When you write out the listing, keep each word exactly as it stands but include none of its images.

§ §

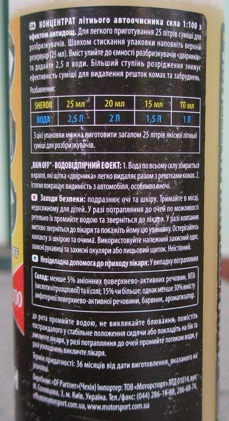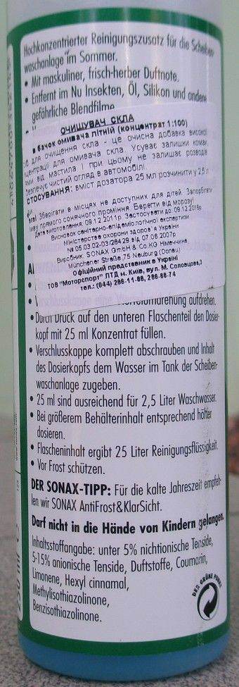 Отписываюсь по тестам моющих жидкостей: 1. Dmitry_R писал(а): Сейчас пользуюсь Омыватель стекол Антимуха LAVR Insect Cleaner Мух/комаров смывает очень плохо, первым взмахом размазывает по стеклу, потом около 10-15 взмахов, обильно поливая омывайкой, что бы отмыть след более-менее. Высохшая жидкость оставляет мутные следы на стекле. Запах не очень приятный. Моя оценка 3- (и то, только что бы не обижать Российского производителя) 2. Dmitry_R писал(а): Чешский SHERON SCREENWASH с эффектом Анти-дождь По мытью мух, свойства где-то близкие к "LAVR Insect Cleaner". Эффект Анти-дождь испытать не удалось, т.к. у меня стекло и так покрыто "Анти-дождем". Пока без оценки. 3. Dmitry_R писал(а): SONAX clear view 1:100 concentrate for men SONAX clear view 1:100 concentrate Apple-fresh Все свойства, заявленные производителем - выполняются. Следы от "свежих" насекомых смываются за 2 взмаха и одно нажатие на омыватель (не поверил, если бы сам вчера не видел) , стекло остается идеально чистым и прозрачным (ехал уже в темноте). Мутных следов высохшей жижи почти нет (ночью на стекле никаких разводов). Самые "трудные" пятна держатся не более чем до 5 взмахов. От знакомого на Аккорде, поступил отзыв, что за 2 взмаха смывает даже вчерашние (засохшие) следы от насекомых. Моя оценка 5. (хотел написать 5+, но оставлю "+" для следующих тестов.) 4. SONAX Xtreme clear view 1:100 concentrate NanoProhttp://www.sonax.com/Product-Search/(node)/12850/271141-SONAX-Xtreme-clear-view-1-100-concentrate-NanoProDmitry_R писал(а): Евген, там даже Экстримовский есть! (моющая способность +20%) http://www.exist.ru/price.aspx?pid=F6902529&sr=-4Этот концентрат уже пришел, ещё не тестировали, но уже и так понятно, что будет 100% не хуже предыдущего, производитель даже заявляет ещё более высокие характеристики.
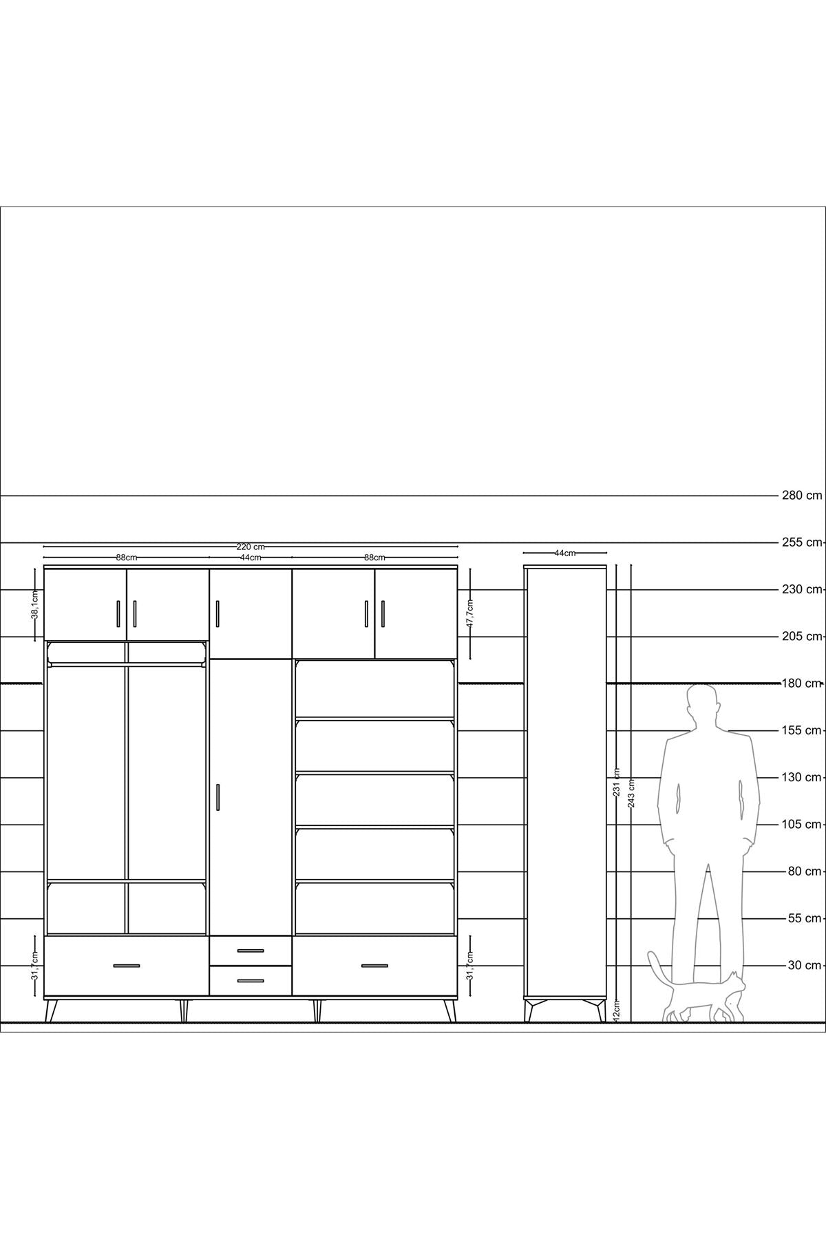 Hyperion Dolap 18 Raflı 4 Çekmeceli Tek Askılı 220x44x243
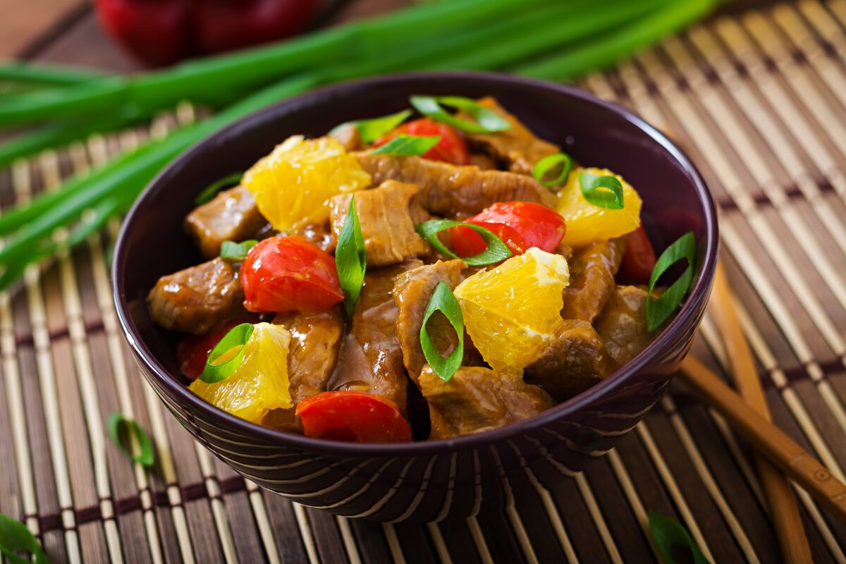 Возможно Вас заинтересуют следующие рецепты: Сливочная паста с индейкой Необычное рагу Свиная рулька в пиве Говядина "Веллингтон" Курица по-испански Для приготовления нам потребуется: Телятина - 500 г Болгарский перец - 2 шт Соевый соус - 2 столовых ложки Апельсины - 2 шт Зеленый лук - пучок Луковица - 1 шт Апельсиновый сок - 125 мл Апельсиновая цедра - 1 столовая ложка Растительное масло - 2 столовых ложки Тертый имбирь - 1 чайная ложка Кукурузный крахмал - щепотка Шаг 1. Мясо нарезаем тонкими полосками, выкладываем в отдельную посуду и поливаем соевым соусом. Тщательно перемешиваем. Шаг 2. Болгарский перец хорошо моем, удаляем семена, нарекаем кусочками. Шаг 3. Разогреваем сковороду на плите, добавляем 1 столовую ложку растительного масла и обжариваем болгарский перец в течение 5 минут хорошо помешивая. Шаг 4. Чистим луковицу, режем кубиками и обжариваем до золотистости. Шаг 5. Высыпаем к перцу. Шаг 6. Остальное растительное масло выливаем на сковороду, выкладываем телятину и обж
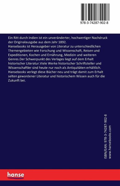 Ein Ritt durch Indien ist ein unveränderter, hochwertiger Nachdruck der Originalausgabe aus dem Jahr 1892.
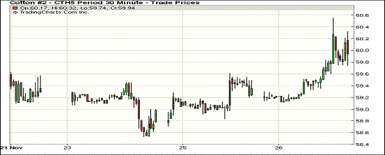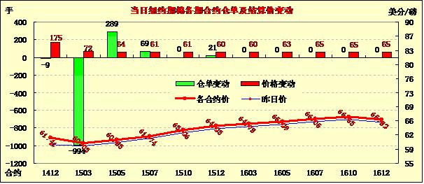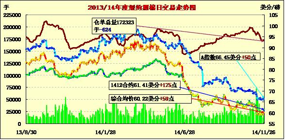 11月26日紐約期棉連續(xù)第二日上漲,合約價重回60美分,近月合約漲幅較大;1412月合約結(jié)算價61.41美分/磅,漲175點,主力1503月合約收于60.03美分/磅,漲72點。當日開盤后主力合約震蕩上行,午后沖高,最高價60.55美分,最終收復(fù)60美分一線,漲幅1.21%。12/3月合約價差擴大,為138點。周二和周三全球股市上漲刺激紐約期棉反彈,但在供應(yīng)和庫存壓力下,棉價長期內(nèi)難有作為。

§ §

## Exercise solution
 Отписываюсь по тестам моющих жидкостей: 1. Dmitry_R писал(а): Сейчас пользуюсь Омыватель стекол Антимуха LAVR Insect Cleaner Мух/комаров смывает очень плохо, первым взмахом размазывает по стеклу, потом около 10-15 взмахов, обильно поливая омывайкой, что бы отмыть след более-менее. Высохшая жидкость оставляет мутные следы на стекле. Запах не очень приятный. Моя оценка 3- (и то, только что бы не обижать Российского производителя) 2. Dmitry_R писал(а): Чешский SHERON SCREENWASH с эффектом Анти-дождь По мытью мух, свойства где-то близкие к "LAVR Insect Cleaner". Эффект Анти-дождь испытать не удалось, т.к. у меня стекло и так покрыто "Анти-дождем". Пока без оценки. 3. Dmitry_R писал(а): SONAX clear view 1:100 concentrate for men SONAX clear view 1:100 concentrate Apple-fresh Все свойства, заявленные производителем - выполняются. Следы от "свежих" насекомых смываются за 2 взмаха и одно нажатие на омыватель (не поверил, если бы сам вчера не видел) , стекло остается идеально чистым и прозрачным (ехал уже в темноте). Мутных следов высохшей жижи почти нет (ночью на стекле никаких разводов). Самые "трудные" пятна держатся не более чем до 5 взмахов. От знакомого на Аккорде, поступил отзыв, что за 2 взмаха смывает даже вчерашние (засохшие) следы от насекомых. Моя оценка 5. (хотел написать 5+, но оставлю "+" для следующих тестов.) 4. SONAX Xtreme clear view 1:100 concentrate NanoProhttp://www.sonax.com/Product-Search/(node)/12850/271141-SONAX-Xtreme-clear-view-1-100-concentrate-NanoProDmitry_R писал(а): Евген, там даже Экстримовский есть! (моющая способность +20%) http://www.exist.ru/price.aspx?pid=F6902529&sr=-4Этот концентрат уже пришел, ещё не тестировали, но уже и так понятно, что будет 100% не хуже предыдущего, производитель даже заявляет ещё более высокие характеристики.
 Hyperion Dolap 18 Raflı 4 Çekmeceli Tek Askılı 220x44x243
 Возможно Вас заинтересуют следующие рецепты: Сливочная паста с индейкой Необычное рагу Свиная рулька в пиве Говядина "Веллингтон" Курица по-испански Для приготовления нам потребуется: Телятина - 500 г Болгарский перец - 2 шт Соевый соус - 2 столовых ложки Апельсины - 2 шт Зеленый лук - пучок Луковица - 1 шт Апельсиновый сок - 125 мл Апельсиновая цедра - 1 столовая ложка Растительное масло - 2 столовых ложки Тертый имбирь - 1 чайная ложка Кукурузный крахмал - щепотка Шаг 1. Мясо нарезаем тонкими полосками, выкладываем в отдельную посуду и поливаем соевым соусом. Тщательно перемешиваем. Шаг 2. Болгарский перец хорошо моем, удаляем семена, нарекаем кусочками. Шаг 3. Разогреваем сковороду на плите, добавляем 1 столовую ложку растительного масла и обжариваем болгарский перец в течение 5 минут хорошо помешивая. Шаг 4. Чистим луковицу, режем кубиками и обжариваем до золотистости. Шаг 5. Высыпаем к перцу. Шаг 6. Остальное растительное масло выливаем на сковороду, выкладываем телятину и обж
 Ein Ritt durch Indien ist ein unveränderter, hochwertiger Nachdruck der Originalausgabe aus dem Jahr 1892.
 11月26日紐約期棉連續(xù)第二日上漲,合約價重回60美分,近月合約漲幅較大;1412月合約結(jié)算價61.41美分/磅,漲175點,主力1503月合約收于60.03美分/磅,漲72點。當日開盤后主力合約震蕩上行,午后沖高,最高價60.55美分,最終收復(fù)60美分一線,漲幅1.21%。12/3月合約價差擴大,為138點。周二和周三全球股市上漲刺激紐約期棉反彈,但在供應(yīng)和庫存壓力下,棉價長期內(nèi)難有作為。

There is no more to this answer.